ACTIVITY:
Give the data again exactly, without its images.
··· DATA SHOWN
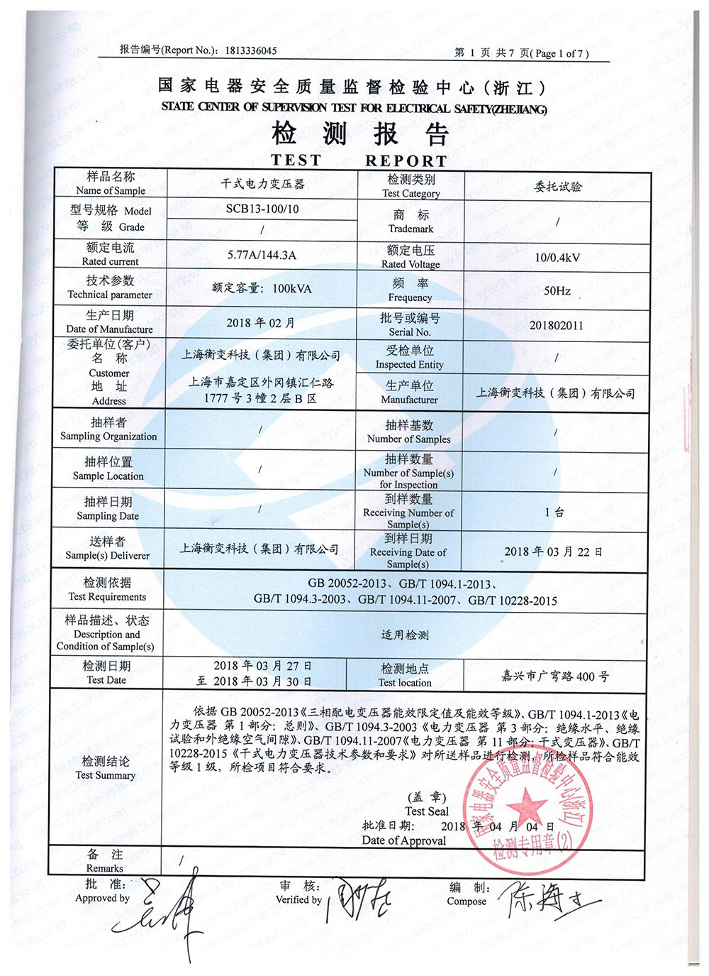SCB13-100/10干式电力变压器
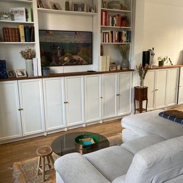 Pour répondre aux contraintes de certaines pièces étroites, nous avons conçu des aménagements sur mesure. Ces meubles à faible profondeur ont été pensés pour maximiser le rangement sans empiéter sur la circulation, optimisant ainsi chaque mètre carré de manière fonctionnelle.
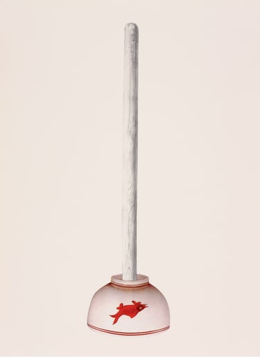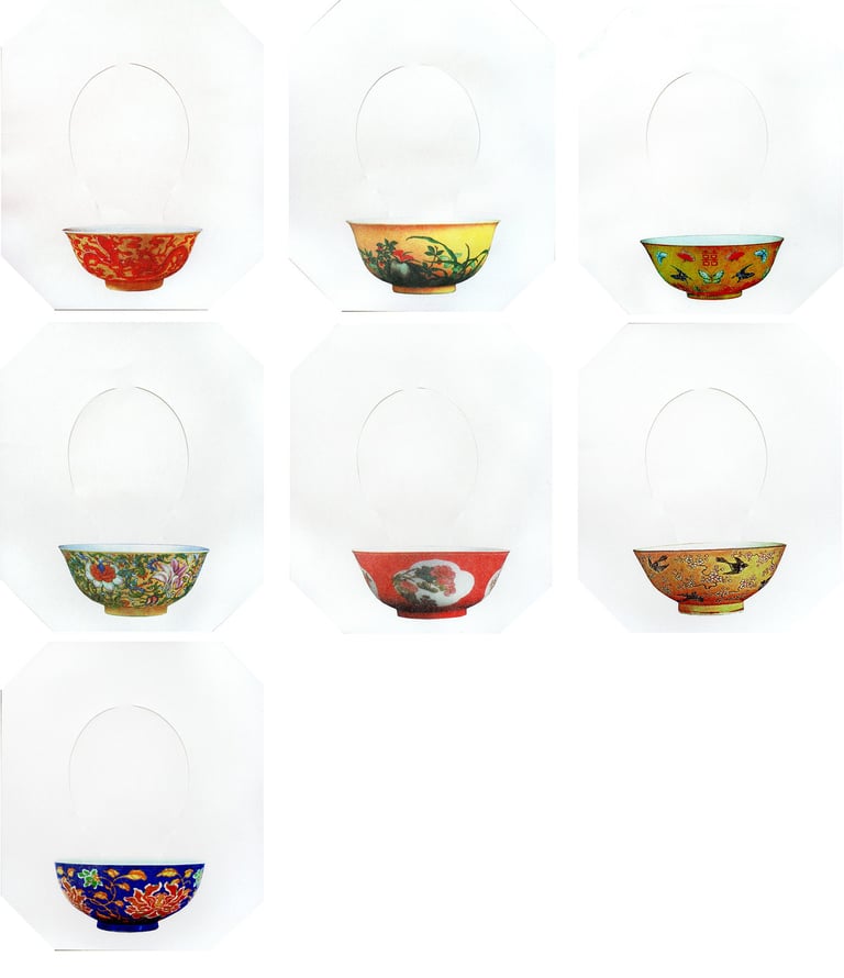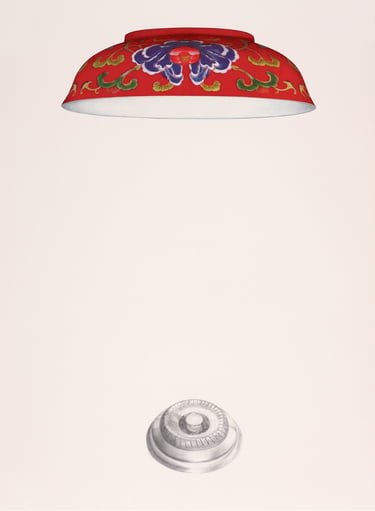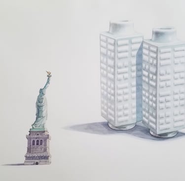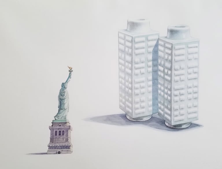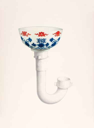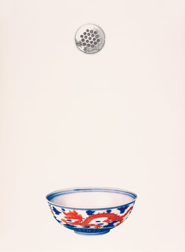 The series explores the conflicts of American and Chinese cultures in a broader content. I use watercolor and lithograph to combine Chinese antique porcelain wares (from Ming and Qing Dynasty) with American household objects, regional and national iconic images to present the complementary of classical Chinese and contemporary American culture, fine art and functional, high and low aesthetics. With a surrealistic approach, I attempt to communicate this idea in a humorous way.
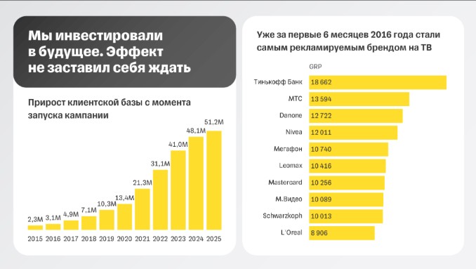 Михаил Горбунцов, медиадиректор Т-Банка, поделился опытом долгосрочных инвестиций кредитной организации в телевидение за последние 15 лет. Он рассказал, что до 2015 г. банк продвигался только в диджитал-среде, а переход на федеральные каналы стал решающим шагом для компании. Всего через полгода бренд вышел в лидеры по телерекламе с 18 тыс. GRP, обогнав таких крупных рекламодателей, как МТС и Danone.
······
YOUR SOLUTION:
SCB13-100/10干式电力变压器
 Pour répondre aux contraintes de certaines pièces étroites, nous avons conçu des aménagements sur mesure. Ces meubles à faible profondeur ont été pensés pour maximiser le rangement sans empiéter sur la circulation, optimisant ainsi chaque mètre carré de manière fonctionnelle.
 The series explores the conflicts of American and Chinese cultures in a broader content. I use watercolor and lithograph to combine Chinese antique porcelain wares (from Ming and Qing Dynasty) with American household objects, regional and national iconic images to present the complementary of classical Chinese and contemporary American culture, fine art and functional, high and low aesthetics. With a surrealistic approach, I attempt to communicate this idea in a humorous way.
 Михаил Горбунцов, медиадиректор Т-Банка, поделился опытом долгосрочных инвестиций кредитной организации в телевидение за последние 15 лет. Он рассказал, что до 2015 г. банк продвигался только в диджитал-среде, а переход на федеральные каналы стал решающим шагом для компании. Всего через полгода бренд вышел в лидеры по телерекламе с 18 тыс. GRP, обогнав таких крупных рекламодателей, как МТС и Danone.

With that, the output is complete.